Exactly a week after a shooter in Colorado killed 12 moviegoers, Democrats in the Senate attached an amendment to the recently passed Cyber Security Act of 2012 to limit purchased of large capacity weapon feeding devices, such as magazines.
S.A. 2575, or the "Large Capacity Magazine Ban," is identical to a separate bill proposed by amendment sponsor Frank Lautenberg (D-NJ) that would make it illegal "for a person to transfer or possess a large capacity ammunition feeding device."
This is defined as "a magazine, belt, drum, feed strip, or similar device that has a capacity of, or that can be readily restored or converted to accept, more than 10 rounds of ammunition," according to the amendment's language.

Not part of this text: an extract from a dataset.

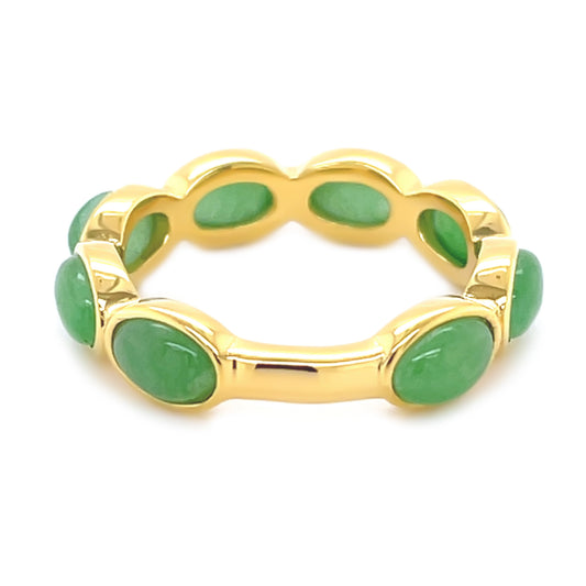 18k Yellow Gold Plated Over Sterling Silver Dyed Green Jade Gemstone Band Ring

Democratic Sens. Frank Lautenberg (N.J.), Barbara Boxer (Calif.), Jack Reed (R.I.), Bob Menendez (N.J.), Kirsten Gillibrand (N.Y.), Chuck Schumer (N.Y.) and Dianne Feinstein (Calif.) introduced the amendment to the Cyber Security Act on Thursday before the act heads to the House of Representatives for debate.
The move comes a week after a shooting rampage at a midnight premier of the Batman movie "The Dark Knight Rises" resulted in the death of 12 Colorado moviegoers. James Holmes, the suspected shooter, obtained his four guns and thousands of rounds of ammunition legally.
Speaking on the Senate floor Thursday, Senator Schumer said the bill was meant to be an answer to "reasonable" calls for gun control, stating it was not his purpose to limit Second Amendment rights.
"We can debate where to draw the line of reasonableness but we might... be able to come to an agreement in the middle where we say, yes, there's a right to bear arms and yes, there can be reasonable limitations on the Second Amendment," Schumer said.
"Maybe, maybe, maybe we can tell those who are at the extremes on the far right and the far left that we disagree with you," Schumer adding, saying, "and maybe, maybe, maybe we could pass some laws that might, might, might stop some of the unnecessary tragedies that have occurred.
"Or, at the very least, when you have someone who was mentally infirmed, like the shooter in Aurora, limit the damage that they are able to do," he added.
The amendment was proposed the same day Senate Majority Leader Harry Reid (D-N.V.) said the schedule was too packed to debate new gun control legisaltion during this session of Congress.
On Thursday, White House Spokesman Jay Carney made it clear the president was still in support of an assault weapon ban and tougher background checks, but that he wasn't planning to introduce new legislation before the election.
"There is an issue about the stalemate in Congress [on gun control legislation], and there are things that we can do short of legislation and short of gun laws, as the President said, that can reduce violence in our society," Carney told reporters Thursday.
"I know [the president] will continue to press the Department of Justice to try to enhance the enforcement of existing laws, try to further develop our background check system so that it prevents criminals and those who should not have weapons from getting them under existing law."